(Beginning of RECORDS FOR THE TASK)

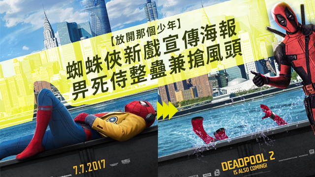 大家睇下,Spider-Man就咁畀Deadpool推咗落水,仲連下面句嘢都畀佢改埋做「Deadpool is also coming」,兼且連Avenger大樓都畀佢打咗個交叉?!唉Spider-Man哥哥,都叫咗你唔好咁寸㗎啦,好7呀!
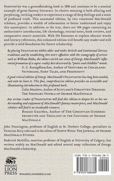 Phantastes was a groundbreaking book in 1858 and continues to be a seminal example of great fantasy literature. Its elusive meaning is both alluring and perplexing, inviting readers to experience a range of deep feelings and a sense of profound truth. This annotated edition, by two renowned MacDonald scholars, provides a wealth of information to better understand and enjoy this masterpiece. In addition to the text, there are 184 pages containing an authoritative introduction, life chronology, textual notes, book reviews, and comparative source materials. With 354 footnotes to explain obscure words and literary references, this enhanced edition will benefit any reader and will provide a solid foundation for future scholarship. "By placing Phantastes within older and wider British and Continental literary traditions and by establishing this text's affinities with the iconography of artists such as William Blake, the editors enrich our sense of George MacDonald's influential promotion of a supra-reality best discerned by "poetic and childlike" minds." U. C. Knoepflmacher, Author of Ventures in Childland: Victorians, Fairy Tales, and Femininity "A good critical edition of George MacDonald's Phantastes has long been needed, and now we have it. This fine, comprehensive edition provides an accessible and illuminating introduction to this profound work." Colin Manlove, Author of Scotland's Forgotten Treasure: The Visionary Novels of George MacDonald Any serious reader of Phantastes will fi nd this edition to deepen his or her understanding and enjoyment of MacDonald's fantasy masterpiece, and MacDonald scholars will find it an invaluable resource. Bonnie Gaarden, Author of The Christian Goddess: Archetype and Theology in the Fantasies of George MacDonald John Pennington, professor of English at St. Norbert College, specializes in Victorian fairy tales and is the editor of North Wind: The Journal of George MacDonald Studies. Roderick McGillis, emeritus professor of English at University of Calgary, has written widely on MacDonald and edited several essay collections of George MacDonald scholarship.
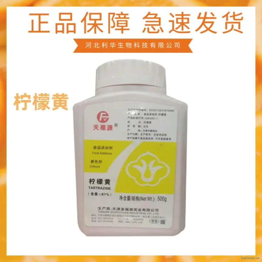 - C.I.酸性黄23;肼黄;酒石黄;食用合成染料柠檬黄;食用柠檬黄;食用色素黄色5号;酒石磺;柠檬黄
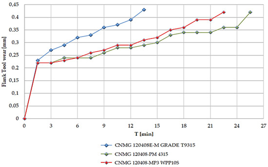 Figure 6 is a graphical representation of the wear profile for all three cutting inserts. It is obvious that the best result, i.e., the longer machining times, was achieved by the CNMG 120408-PM 4315 cutting insert, with the time of reaching the maximum specified wear rate T = 25.5 min. It is followed by a CNMG 120408-MP3.
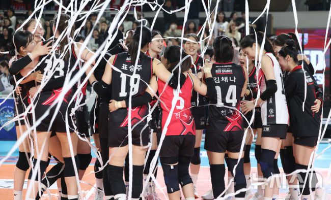 [대전=뉴시스] 황준선 기자 = 지난 6일 대전 중구 충무체육관에서 열린 2024~2025 V-리그 여자부 챔피언결정전 4차전 흥국생명 핑크스파이더스와 정관장 레드스파크스의 경기, 세트스코어 3-2로 승리한 정관장 선수들이 자축하고 있다. 2025.04.06. hwang@newsis.com [서울=뉴시스]문채현 기자 = 대망의 5차전이다. 여자배구 흥국생명
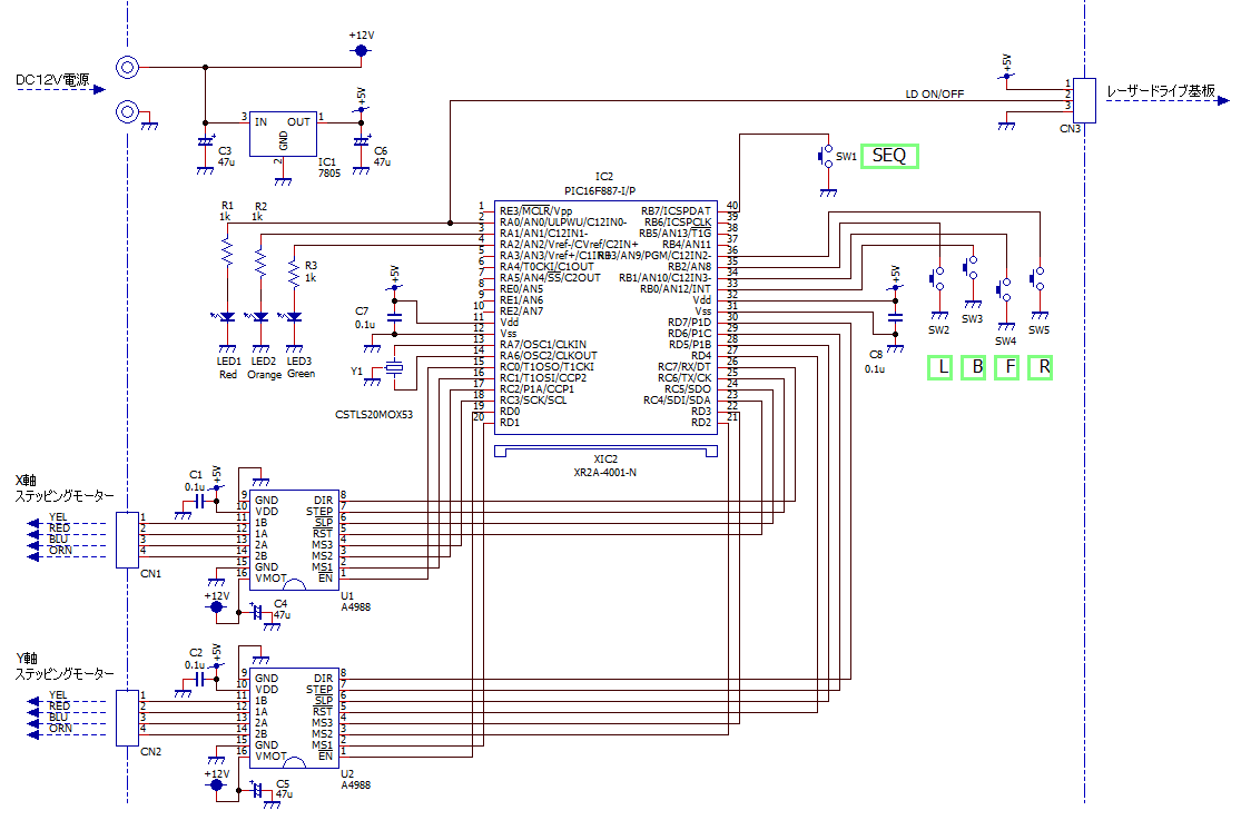| XY軸駆動の制御回路、接続図です。 PICマイコン(IC2)と、ステッピングモータードライバモジュール A4988(U1,U2)を直結し、 制御しています。 SEQ(SW1) スイッチは、窓抜き作業のシーケンススタート。 L:Left B:Back F:Forward R:Right は、レーザーヘッドを、それぞれの方向へマニュアルで移動する為のスイッチ。 PICマイコンのファームウェアは、アセンブラで書くことになりますが、全て自作しました。 この年になると、頭も回らず少々きつい作業です。 レーザーヘッドが無いので、未だ、窓抜きはできませんが、 SEQスイッチを押すと、ビー・ガーと言いながらステッピングモーターが回り、 窓抜きシーケンスを開始します。 見てると、なかなか面白いもので、達成感もひとしおです。 |
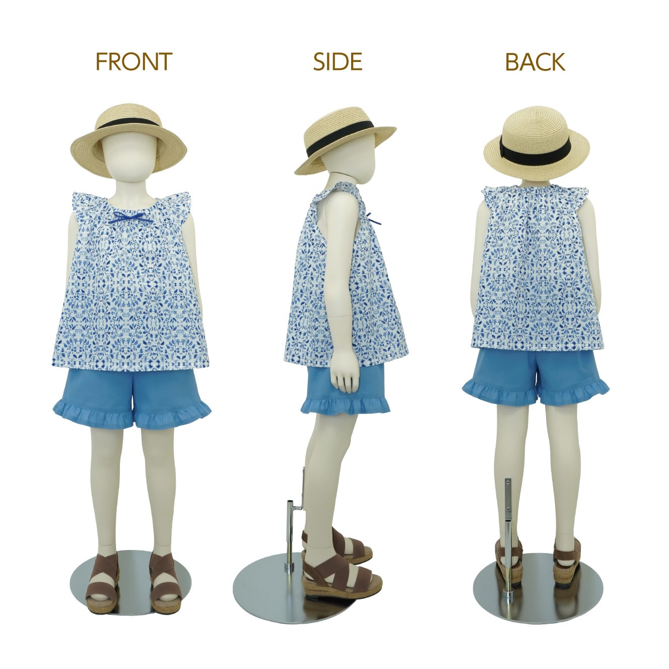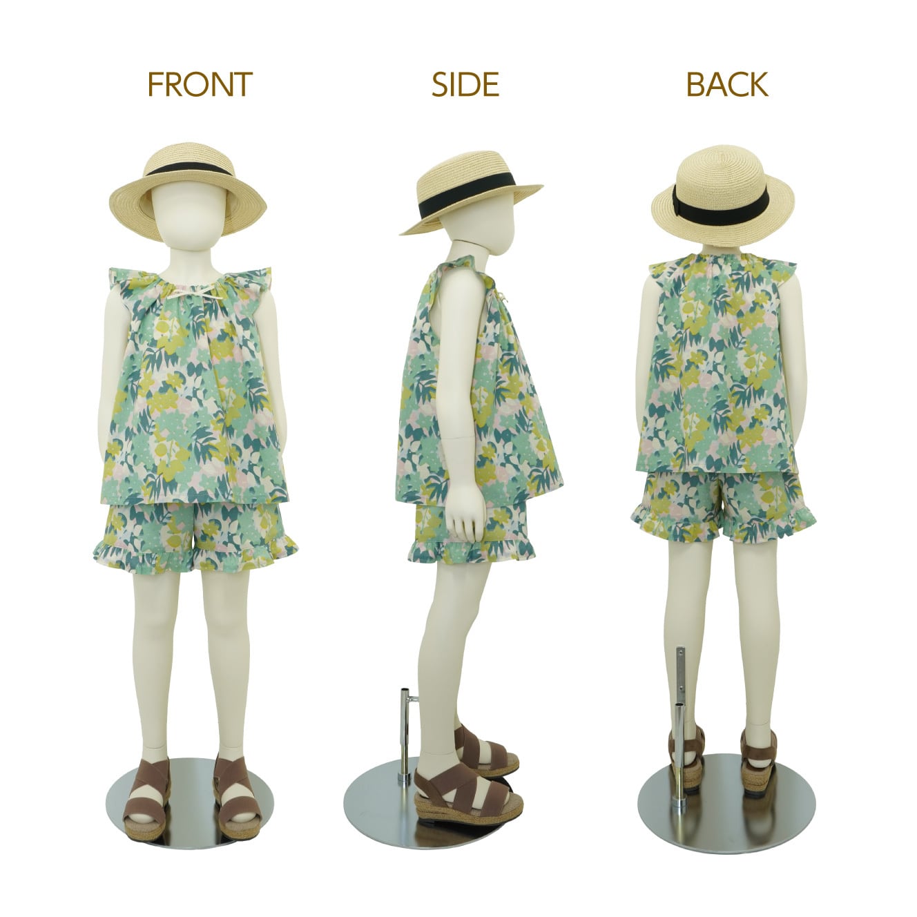 ・トップスの衿ぐりとパンツのウエストがゴム仕様で、お子様がひとりでお着替えできる夏のセットアップ。
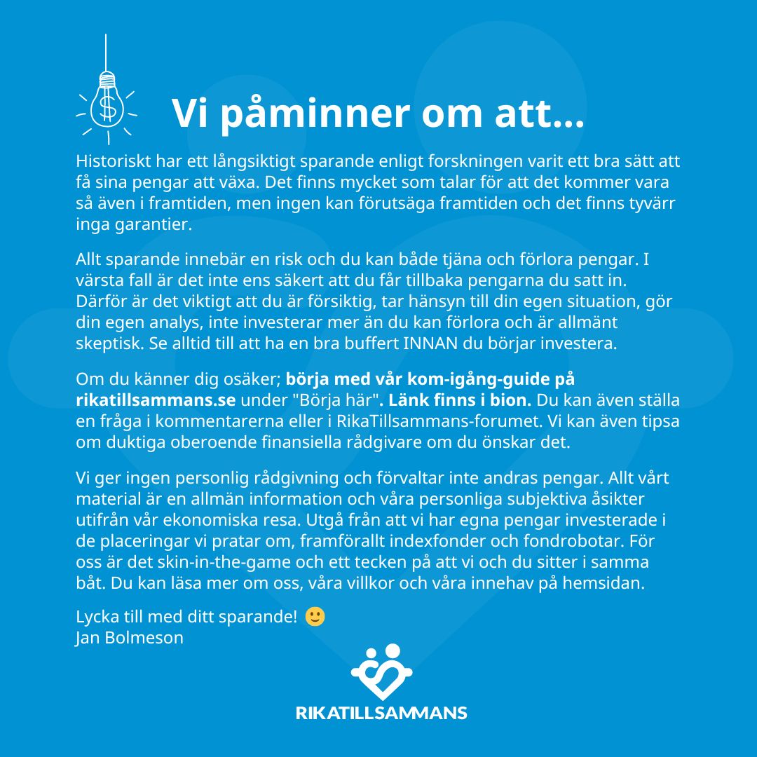 Spara gärna dessa bilder, de kan vara bra att ha nästa gång någon - kanske en bankrådgivare - föreslår att du borde vara mer aktiv med dina fondval. Tipsa gärna även någon som du tror kan ha glädje av denna kunskap. ![]()
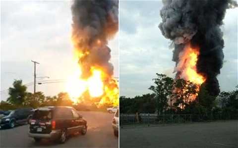 (VTC News)- Sau cú va chạm giữa tàu chở hàng và một chiếc xe tải, đoàn tàu lật bánh, bốc khói nghi ngút rồi nổ tung.

(End of RECORDS FOR THE TASK)

» WHAT IS NEEDED
Would you reproduce the records exactly as they stand, but without the pictures?

» EXERCISE OUTPUT
 大家睇下,Spider-Man就咁畀Deadpool推咗落水,仲連下面句嘢都畀佢改埋做「Deadpool is also coming」,兼且連Avenger大樓都畀佢打咗個交叉?!唉Spider-Man哥哥,都叫咗你唔好咁寸㗎啦,好7呀!
 Phantastes was a groundbreaking book in 1858 and continues to be a seminal example of great fantasy literature. Its elusive meaning is both alluring and perplexing, inviting readers to experience a range of deep feelings and a sense of profound truth. This annotated edition, by two renowned MacDonald scholars, provides a wealth of information to better understand and enjoy this masterpiece. In addition to the text, there are 184 pages containing an authoritative introduction, life chronology, textual notes, book reviews, and comparative source materials. With 354 footnotes to explain obscure words and literary references, this enhanced edition will benefit any reader and will provide a solid foundation for future scholarship. "By placing Phantastes within older and wider British and Continental literary traditions and by establishing this text's affinities with the iconography of artists such as William Blake, the editors enrich our sense of George MacDonald's influential promotion of a supra-reality best discerned by "poetic and childlike" minds." U. C. Knoepflmacher, Author of Ventures in Childland: Victorians, Fairy Tales, and Femininity "A good critical edition of George MacDonald's Phantastes has long been needed, and now we have it. This fine, comprehensive edition provides an accessible and illuminating introduction to this profound work." Colin Manlove, Author of Scotland's Forgotten Treasure: The Visionary Novels of George MacDonald Any serious reader of Phantastes will fi nd this edition to deepen his or her understanding and enjoyment of MacDonald's fantasy masterpiece, and MacDonald scholars will find it an invaluable resource. Bonnie Gaarden, Author of The Christian Goddess: Archetype and Theology in the Fantasies of George MacDonald John Pennington, professor of English at St. Norbert College, specializes in Victorian fairy tales and is the editor of North Wind: The Journal of George MacDonald Studies. Roderick McGillis, emeritus professor of English at University of Calgary, has written widely on MacDonald and edited several essay collections of George MacDonald scholarship.
 - C.I.酸性黄23;肼黄;酒石黄;食用合成染料柠檬黄;食用柠檬黄;食用色素黄色5号;酒石磺;柠檬黄
 Figure 6 is a graphical representation of the wear profile for all three cutting inserts. It is obvious that the best result, i.e., the longer machining times, was achieved by the CNMG 120408-PM 4315 cutting insert, with the time of reaching the maximum specified wear rate T = 25.5 min. It is followed by a CNMG 120408-MP3.
 [대전=뉴시스] 황준선 기자 = 지난 6일 대전 중구 충무체육관에서 열린 2024~2025 V-리그 여자부 챔피언결정전 4차전 흥국생명 핑크스파이더스와 정관장 레드스파크스의 경기, 세트스코어 3-2로 승리한 정관장 선수들이 자축하고 있다. 2025.04.06. hwang@newsis.com [서울=뉴시스]문채현 기자 = 대망의 5차전이다. 여자배구 흥국생명
| XY軸駆動の制御回路、接続図です。 PICマイコン(IC2)と、ステッピングモータードライバモジュール A4988(U1,U2)を直結し、 制御しています。 SEQ(SW1) スイッチは、窓抜き作業のシーケンススタート。 L:Left B:Back F:Forward R:Right は、レーザーヘッドを、それぞれの方向へマニュアルで移動する為のスイッチ。 PICマイコンのファームウェアは、アセンブラで書くことになりますが、全て自作しました。 この年になると、頭も回らず少々きつい作業です。 レーザーヘッドが無いので、未だ、窓抜きはできませんが、 SEQスイッチを押すと、ビー・ガーと言いながらステッピングモーターが回り、 窓抜きシーケンスを開始します。 見てると、なかなか面白いもので、達成感もひとしおです。 |
 ・トップスの衿ぐりとパンツのウエストがゴム仕様で、お子様がひとりでお着替えできる夏のセットアップ。
 Spara gärna dessa bilder, de kan vara bra att ha nästa gång någon - kanske en bankrådgivare - föreslår att du borde vara mer aktiv med dina fondval. Tipsa gärna även någon som du tror kan ha glädje av denna kunskap. ![]()
 (VTC News)- Sau cú va chạm giữa tàu chở hàng và một chiếc xe tải, đoàn tàu lật bánh, bốc khói nghi ngút rồi nổ tung.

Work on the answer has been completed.